データの永続化についての技術革新が進んでいる。ITアーキテクトには既存の常識にこだわらない技術選択が求められている。

 従来の常識では、ICTシステムに関わるソフトウエアやデータはストレージ上に保持され、コンピュータのメモリー上に展開して処理されるというものだった。この動作は「低速だが不揮発性のストレージ」「高速でありリフレッシュで一時的に記憶を保持できるメモリー」という両者の特性を引き出した使い分けと言える。

 現在、リフレッシュに使う電力や熱の問題を解決しようと、メモリー系の新たな動きも出てきており、ストレージとメモリーという記憶技術の境は曖昧になってきている。ストレージ技術をいかに上手く使うか、整理していこう。

クラウドにも広がる「記録」ディスク

 まずアプリケーションから見た「記録」の格納場所を整理する。

 記録の格納場所は大きく、ファイルシステム系やSQL系、NoSQL系、オブジェクト系がある。それらを支えているのは、「データをどこに読み書きするか」という物理的な位置に基づく「ブロックデバイス」と、その上で「どこに何というファイルがどんな大きさで書かれているか」を管理する「ファイルシステム」である。

 ファイルシステムはWindows系では「NTFS」であり、Linux系ではext3と呼ばれている。機能を高めたファイルシステムには、突然の電源断(ダーティーシャットダウン)時に管理簿(ファイルの大きさや書き込み位置)と実体(書き込み済みデータ)との間の不整合を最小限にするジャーナリング機能や、ソフトウエアによってデータ冗長性を高めたRAID(Redundant Arrays of Inexpensive Disks)である「ミラーリング」、「レプリケーション」などの機能がある。

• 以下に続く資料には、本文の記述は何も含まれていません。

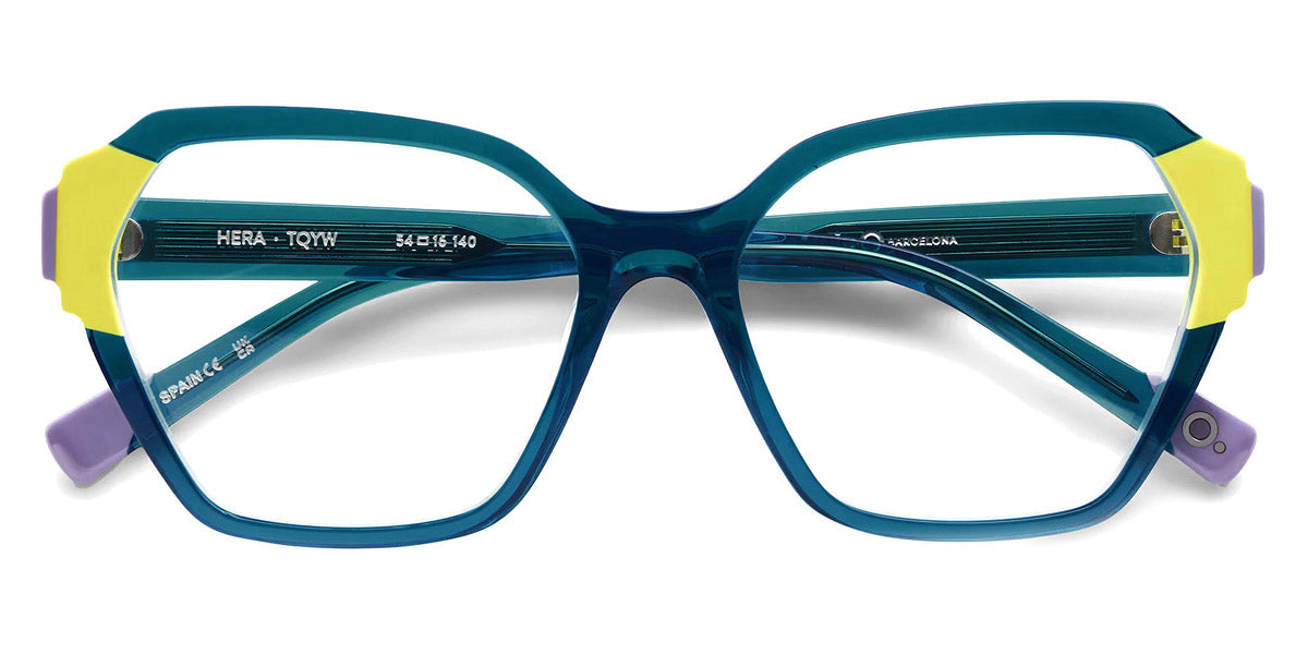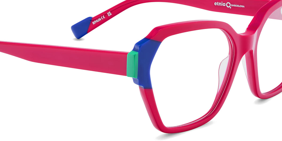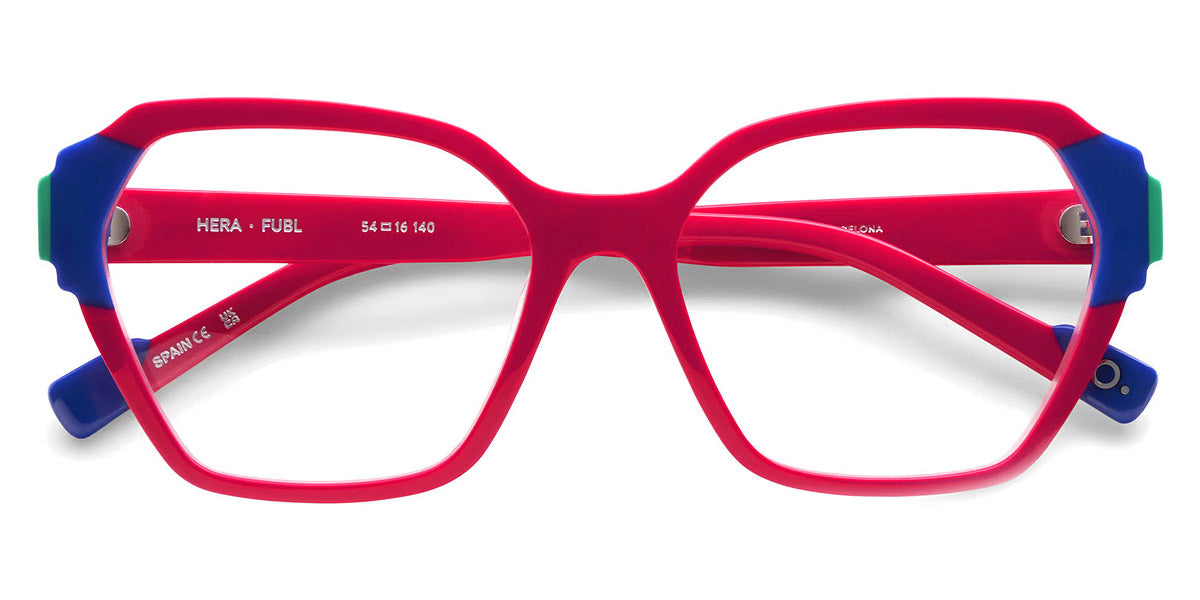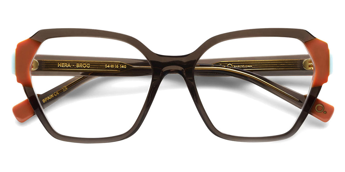 HERA Eyeglasses by Etnia Barcelona. Color: BROG Brown/Orange, CLRD Transparent/Red, FUBL Pink/Blue, TQYW Blue/Yellow, Size: 54-16-140. Bold and geometric, the HERA eyeglasses command attention with their sculpted temples and vibrant color options. The angular frame design adds a contemporary flair, while lightweight acetate ensures a comfortable fit. From rich jewel tones to playful pastels, their palette offers something for every personality. Perfect for those seeking a daring look, these frames combine artistic expression with everyday practicality.
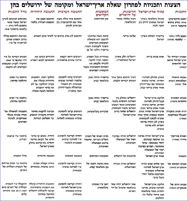 המעוניינים לדעת את הרקע לעמדות ההנהגה הציונית באותה תקופה, ימצאו עניין במאמרו של יאיר פז: "התוכנית לחלוקת ירושלים החדשה,1938-1937" העוסקת בעקרונות ועדת פיל בעניין ירושלים והמקומות הקדושים. עיינו גם בטבלה הבאה, המציגה "תוכניות והצעות לפתרון סוגיית הריבונות על ירושלים עד 1947", ונסו למצוא:
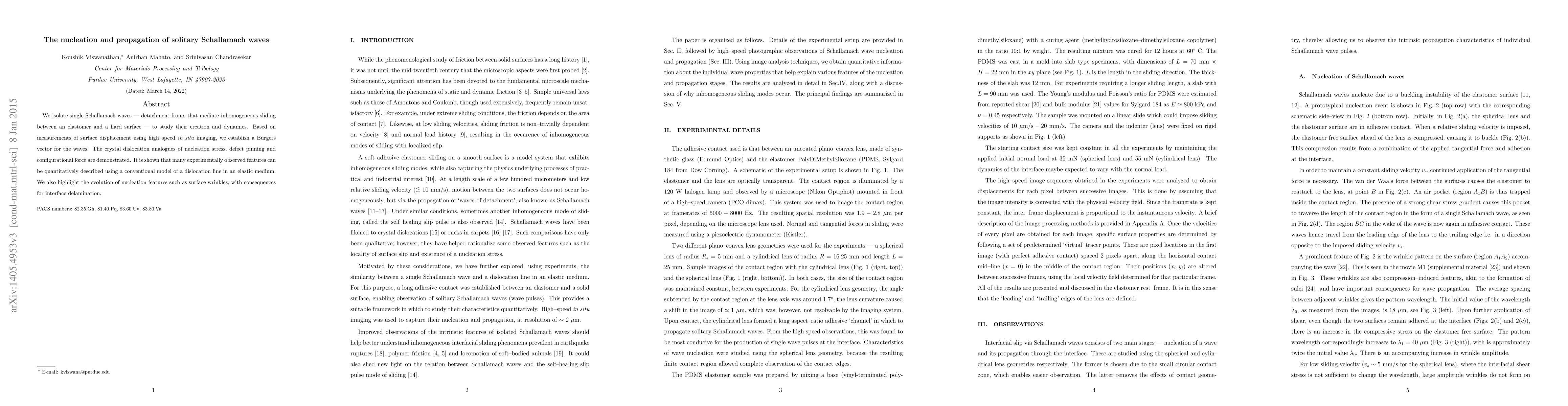 Researchers study solitary Schallamach waves, detachment fronts that form during inhomogeneous sliding between materials, using high-speed imaging to establish a Burgers vector and demonstrate the role of crystal dislocation analogues in their creation.
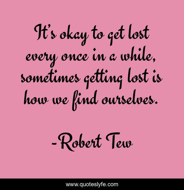 This page presents the quote "It’s okay to get lost every once in a while, sometimes getting lost is how we find ourselves.". Author of this quote is Robert Tew. This quote is about found, life, getting-lost, lost, finding-yourself,.
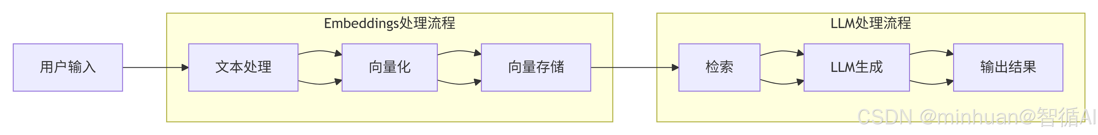 - 流程分为两个主要子流程:Embeddings处理流程(包括文本处理、向量化、向量存储)和LLM处理流程(包括检索、LLM生成、输出结果)。
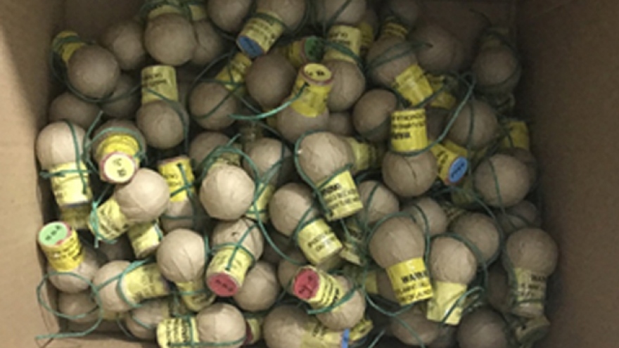 VOV.VN - Tang vật thu giữ gồm 5 hộp pháo hoa nổ (tổng trọng lượng hơn 30kg); 1 bánh pháo nổ (hơn 1 kg); 16 quả pháo nổ tự tạo cugf một số vật dụng để chế tạo pháo nổ.

 SQL系での「記録」は、以前はRDBMS(Relational DataBase Management Sysrem)ソフトごとに独自のファイルシステムをブロックデバイス上に構築していた。最近はファイルキャッシュを経由しない同期I/OなどをOSがサポートし始めた技術進展に伴って、通常のOSコマンドでハンドリングしやすい一般的なファイルシステム上に、データベースのテーブルやログを配置するケースが主流となった。